Numéro 3 d'avenir

    Formé au Fc Metz depuis ses 15 ans, le joueur au profil de Lizarazu et Heinze, deux latéraux qu'il admire, veut apporter son dynamisme sur le flanc gauche de la défense nantaise.

    Ses longs raids, sous le maillot grenat du Fc Metz, ont fait frissonner les travées de la Beaujoire le 28 mai dernier. Arrivé moins d'un mois plus tard sur les bords de l'Erdre, Franck Signorino s'est d'ores et déjà fondu dans le groupe nantais. Il est vrai que son âge (il aura 24 ans le 19 septembre) et son statut d'ex-international espoir ne jurent pas dans le paysage. Lors de ses premières apparitions sous les couleurs jaune et verte, le latéral gauche à la chevelure blonde a déjà prouvé que son tempérament n'avait rien d'une légende. " C'est un garçon accrocheur, tonique, un défenseur capable de se projeter très vite vers l'avant", analyse Serge Le Dizet. Des qualités de battant qui lui avaient permis de s'imposer sur les bords de la Moselle, à 20 ans. Pour la petite histoire c'est face à ... Nantes, en 2002, que le jeune homme au visage d'ange et à la volonté de fer, avait conquis le public du Stade Saint Symphorien. Gilbert Gress, l'entraîneur d'alors, cherchait un successeur à Phillippe Gaillot, l'un des vieux briscards de la défense messine.

  On parlait de lui comme du nouveau Danny Boffin, surnommé "la mobylette" quand le Fc Metz de Robert Pires avait manqué d'un rien le titre de champion de France. Très vite donc, le public lorrain l'a adopté. Le fougueux latéral gauche aux racines italiennes à alors pris l'habitude de tout donner à chacune de ses apparitions en L1 et en L2. "C'est un défenseur dans l'âme", selon Robert Budzynski.

    Jean Fernandez loue sa "générosité". Le nouvel entraîneur de l'Olympique de Marseille aurait d'ailleurs souhaiter l'emmener jusqu'à la Commanderie phocéenne. Mais le FCNA a eu le dernier mot en lui faisant signer un contrat de quatre ans. "Tu as fait un bon choix de carrière", lui a soufflé son ancien coach lorrain...

" Franchir un palier"

 

    Jaunes de Coeur : Comment s'est déroulé votre intégration au groupe nantais?

    Franck Signorino : "Comme j'avais pu l'espérer. Que ce soit au niveau administratif ou sur le plan sportif, tout le monde a été adorable avec moi. J'ai été agréablement surpris car j'ai suivi la dernière saison du FCNA dans les journaux, et je ne m'attendais pas à une entente si exceptionnelle. Cette période difficile a dû recréer des liens. Ce n'est pas pour faire injure à mes anciens coéquipiers du Fc Metz, mais je n'ai jamais connu une telle ambiance.
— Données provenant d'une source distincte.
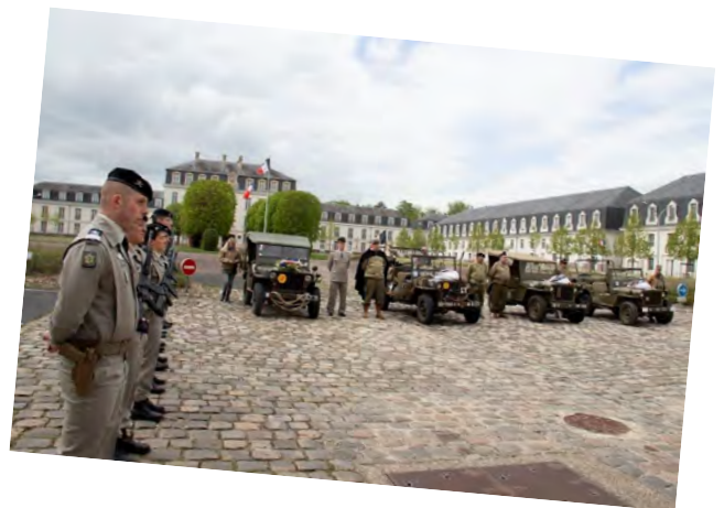
Piquet d'honneur du 501 e RCC—Jeeps et reconstitueurs de l'Univem de Satory

Discours du commissaire général TRÉMENBERT
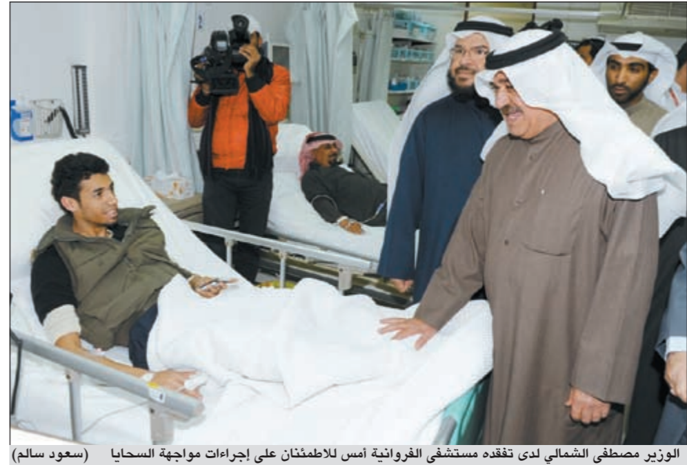
الوزير مصطفى الشمالي لدى تفقده مستشفى الفروانية أمس للاطمئنان على إجراءات مواجهة السحايا

الأمراض السارية هو المخول باستقبال مثل هذه الحالات، ولكن لا حياة لمن تنادي، وأشاروا إلى عدم وجود أي خطة طوارئ بالمستشفيات لمواجهة هذا الحدث والذي بدأت عدواه تنتشر مع رفض «السرارية» استقبال الحالات وعدم وجود أي غرف عزل في المستشفى نتيجة امتلائها؟

   JDC : On vous a particulièrement impliqué dès votre première apparition sous les couleurs nantaises en Autriche lors du match amical contre le Fc Tyrol. Un avant-goût de votre saison 2005/2006?
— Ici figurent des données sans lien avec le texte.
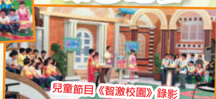
兒童節目《智識校園》錄影
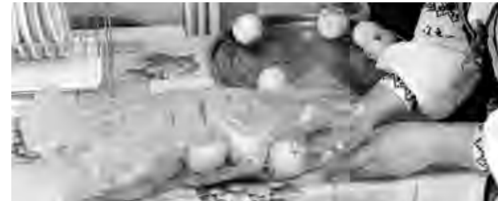
Помещаем гуся в рукав для запекания
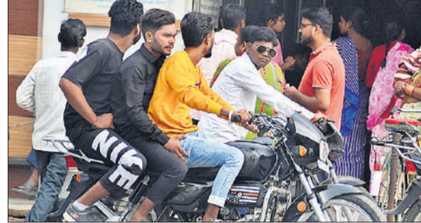
गन्ना तिराहा से पलएच शुगर फैक्ट्री मार्ग पर एक बाइक पर जाते तीन युवक।

बच्चों के प्रति अभिभावक निर्माण अपनी जिम्मेदारी कई बार जागरूकता गोष्ठियों में ये बात खुलकर कही जाती है कि सड़क हादसों में जान गंवाने पर सिर्फ एक व्यक्ति की जान नहीं जाती। उसका असर उसके पूरे परिवार पर पड़ता है। बावजूद इसके ट्रिपल राइडिंग घटने से की जा रही है। बिना सीट बेल्ट लगाए चार पहिया वाहन चलाने वालों की भरमार है। बाइक चलाते वक्त हेलमेट का प्रयोग तो नाममात्र बाइकर्स ही कर रहे हैं। ऐसे में वाहन चालक और उनके परिवार की भी जिम्मेदारी बनती है कि वह बच्चों को नियमों के प्रति जागरूक करें। सिर्फ चालान से बचने के लिए नहीं, बल्कि सड़क सुरक्ष जीवन रक्षा...की मंशा को देखते हुए नियमों के प्रति जागरूक हों।

     F.S. : Serge le Dizet m'a appelé avant mon transfert et je savais qu'il attendait de moi cette tonicité et cette agressivité en défense. Pendant cette première mi-temps, en amical, j'ai donc donné tout ce que je pouvais, et tout ce que lui attendait! je voulais répondre présent dès ma première apparition. 
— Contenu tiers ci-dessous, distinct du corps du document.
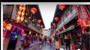
ถนนโบราณจินหลี่
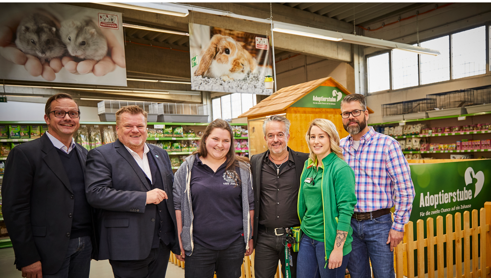
Eröffnung der Adoptierstube in Köln-Porz
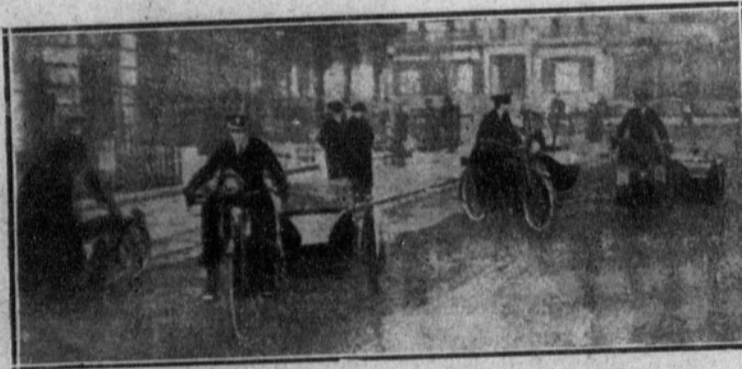
La Policía inglesa, dotada recientemente con «motos», saliendo a prestar sus primeros servicios. Aunque aquí podría haber lo mismo, y destinarse los «sidecars» a transporte de accidentados, enfermos, niños perdidos, etc., y las «motos» solas a los servicios generales y policía de automóviles, no hay que soñar en tal cosa, porque aquí estas necesidades no suponen nada...
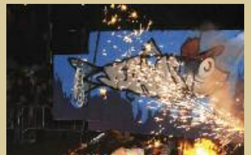
L'enterrament de la sardina posa fi a la festa de Carnaval

    JDC : A Metz, vous aviez reconnu un certain manque d'adresse à l'approche de la surface de réparation. Serge Le Dizet a affirmé que vous vous sous-estimiez peut-être. Qu'en est-il exactement?

    F.S. : J'ai souvent été bridé en attaque, je n'ai marqué qu'une seule fois en 83 rencontres de Ligue 1. Mais je ne demande qu'à progresser. Cela passera par la confiance avec mes nouveaux partenaires. C'est certain qu'en venant à Nantes, j'espère franchir un palier de ce côté là."

 Extrait du numéro 18 de "Jaunes de Coeur"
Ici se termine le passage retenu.